Job 8:8-18, Job’s Friends Had No Authority (2)

·       Bildad: Job’s second friend draws upon “tradition” or the wisdom of the ancients (8:8-10).  His assumptions are clear: young people know very little, older people, perhaps especially those who have already died, know a lot.  Part of Job’s problem is that he hasn’t lived, and won’t live, as long a life as the fathers. 

o   What does that mean?  Well, let’s see.  Abraham lived 175 years (Gen. 25:7); Isaac lived 180 years (Gen. 35:28); Jacob lived 147 years (Gen. 47:28); and Joseph lived 110 years (Gen. 50:26).  After the flood the longevity of life dropped from generation to generation.  Shem lived 600 years (Gen. 11:10-11).  So, I suppose that could have been Bildad’s thinking.  “We don’t live very long these days, maybe 170 years.  But in the old days they lived longer and thus could amass a better catalogue of wisdom.”

o   But, of course, Bildad isn’t really concerned about ages.  By relying on the “ancients,” he is basing his argument in people who are already dead.  Further, he bases his argument in ancients that he agrees with.  The fact is, to this day, you can find classic philosophers with a variety of ideas.  When studying the OT I sometimes wonder what the “Rabbi’s” had to say about something.  Turns out, there are enough Rabbi’s that you can find the whole gamut of viewpoints on any question.  So, how do you know who’s right?  As soon as you ask that question you are saying that the “ancients” are a satisfactory source of authority for truth.  You have to have some other source by which to evaluate them. 

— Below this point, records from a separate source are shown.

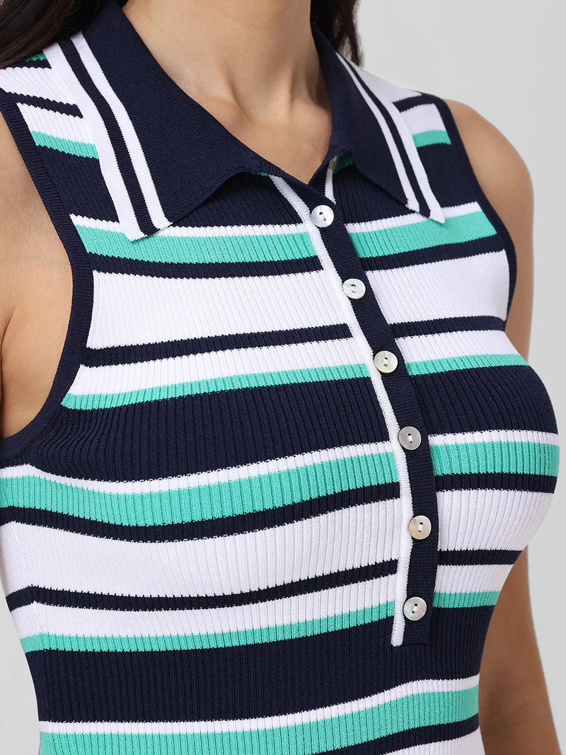 Nautical stripes embolden this stretchy sweater-tank topped with a polished collar and updated in a modern cropped fit.
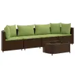 vidaXL Vrtna sedežna garnitura 5-delna z blazinami rjav poli ratan
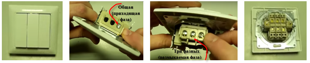 С другой стороны, трехклавишный выключатель позволяет сделать дом значительно комфортней. С его помощью вы сможете разделить свое помещение на несколько освещаемых зон. Край клавиши прижимается пальцем к стене в положении выключено, другой, выступающий край подцепляется ногтем или плоской отверткой и тянется на себя. Три других жилы — к трем клеммам выключателя, находящимся напротив общего контакта с одного конца, и каждая жила на фазную клемму своего осветительного прибора одного из трех с другого конца кабеля.
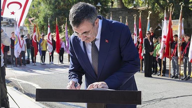 Cumhurbaşkanı Yardımcısı Cevdet Yılmaz, “Tüm dünya bilsin ki Anavatan ve garantör Türkiye Cumhuriyeti, Kıbrıs Türk halkının 20 Temmuz 1974’te, 15 Kasım 1983’te yanındaydı, bugün de yanındadır, yarın ve ebediyen her şartta yanında olmaya devam edecektir.” dedi.
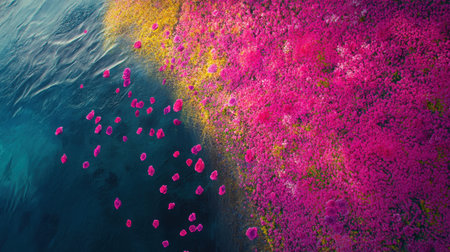 Experience the breathtaking beauty of a vibrant pink coral reef juxtaposed against turquoise water in this stunning aerial view. Perfect for marine life enthusiasts!
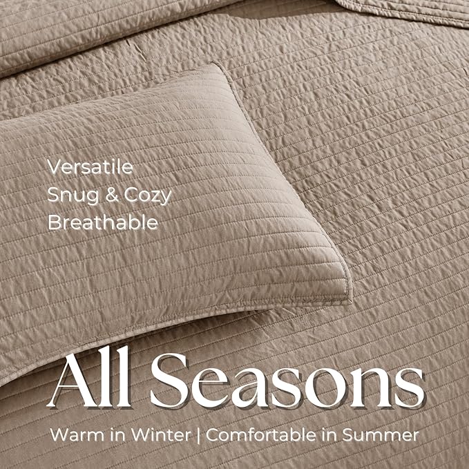 - Easy Care: Durable design ensures effortless maintenance. Long-lasting fabric with stripe quilting holds up to machine washes year after year without clumping. Lightweight construction allows for quick drying and compact storage. Stain-hiding neutral tones minimize upkeep. You can enjoy hassle-free time and less laundering with this quilt.
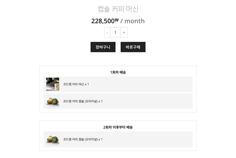 엠샵 D.I.Y 구독 상품 플러그인의 숏코드 기능으로 구독 상품 페이지를 원하는 스타일로 다양하게 제작할 수 있습니다.
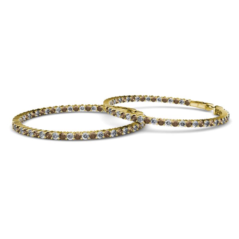1.80 mm Round Smoky Quartz and Diamond 2 1/2 ctw Common Prong Inside-Out Womens Hoop Earrings 14K Yellow Gold More Details ...
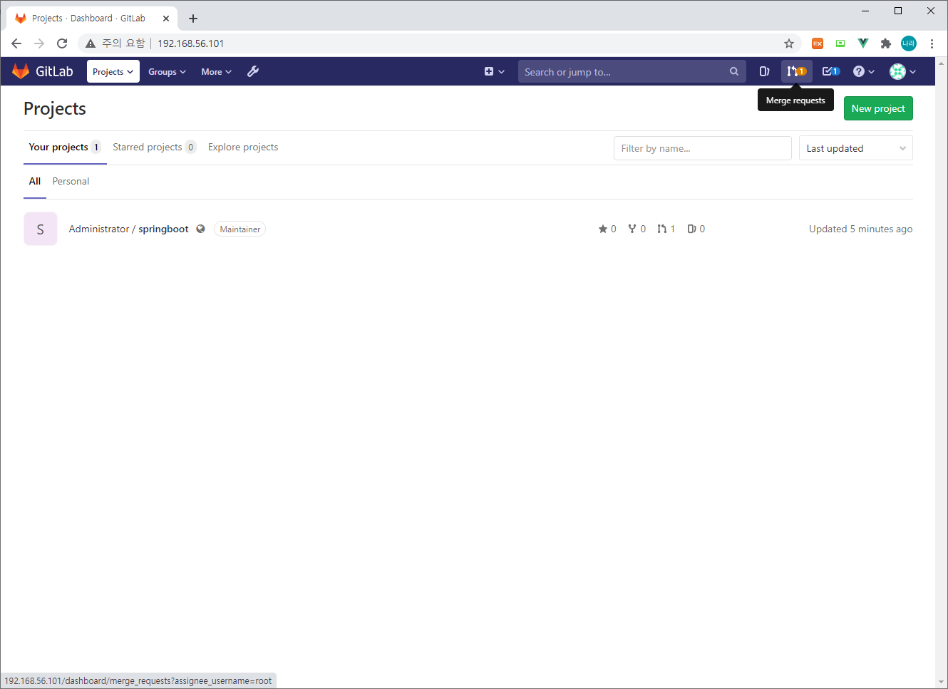 Merge Request가 생성되면, 다음으로 Maintainer의 권한이 부여되어 있는 root로 로그인한다. root로 로그인하면 상단 오른쪽 메뉴바 상태장에 Merge requests에 요청이 들어 온것을 확인할 수 있다.
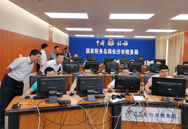 7月5日上午,省司法厅普法与依法治理处负责人一行赴湖南省税务局和长沙市税务局了解考试情况,查看考试设备和网络连接,询问税务干部参考情况,安排如法网运维人员提供技术服务。
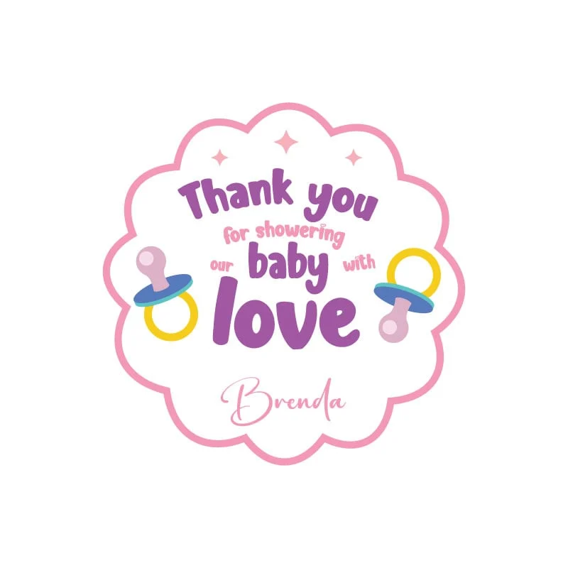 Verspreid liefde en geluk met onze schattige Babyshower Stickers voor Girls! 🎀 Deze leuke stickers in wolk design, met de tekst “thank you for showering our baby with love” in paars met roze accenten, samen met de naam van de baby, zijn een hartverwarmende toevoeging aan je bedankjes. Gemaakt van duurzaam vinyl, 4 cm groot en met een minimum van 40 stuks, zijn ze perfect om de vreugde te verspreiden. Bestellingen worden binnen 1-3 werkdagen verzonden! 🌟

o   In the case of Job, Bildad uses a typical trick of philosophy: talk about the natural world around you.  “Can the papyrus grow up without a marsh” (8:11)?  Well, of course not.  But what does that have to do with Job?  Bildad uses it to make a point: “So are the paths of all who forget God; and the hope of the hypocrite shall perish” (8:13).  I have always loved Bildad’s illustration in 8:14, where a false hope is compared to trusting in a spider’s web (another appeal to the natural world).  That’s a great picture.  The problem is, his principle is irrelevant.  Of course, the hope of the hypocrite will perish; even Job knows that (9:2).  But Job is not a hypocrite.  He says, “I am blameless” (9:21).  He concludes God can bring bad things upon the blameless and the wicked (9:22). 

o   And by the way, remember in Job 1-2, that God also maintained that Job was blameless!  Not sinless; but blameless, not having some defect in his life that made him deserving of what God allowed Satan to bring upon him.  It is similar to the NT requirements for Church leadership: they are to be blameless (1 Tim. 3:2,10).  There is not some glaring sin that defines their lives.  Thus we conclude: Bildad failed because he did not have an authority.  Like Eliphaz, he needed to define Job’s sin; he couldn’t, so he just stated a lifeless philosophy.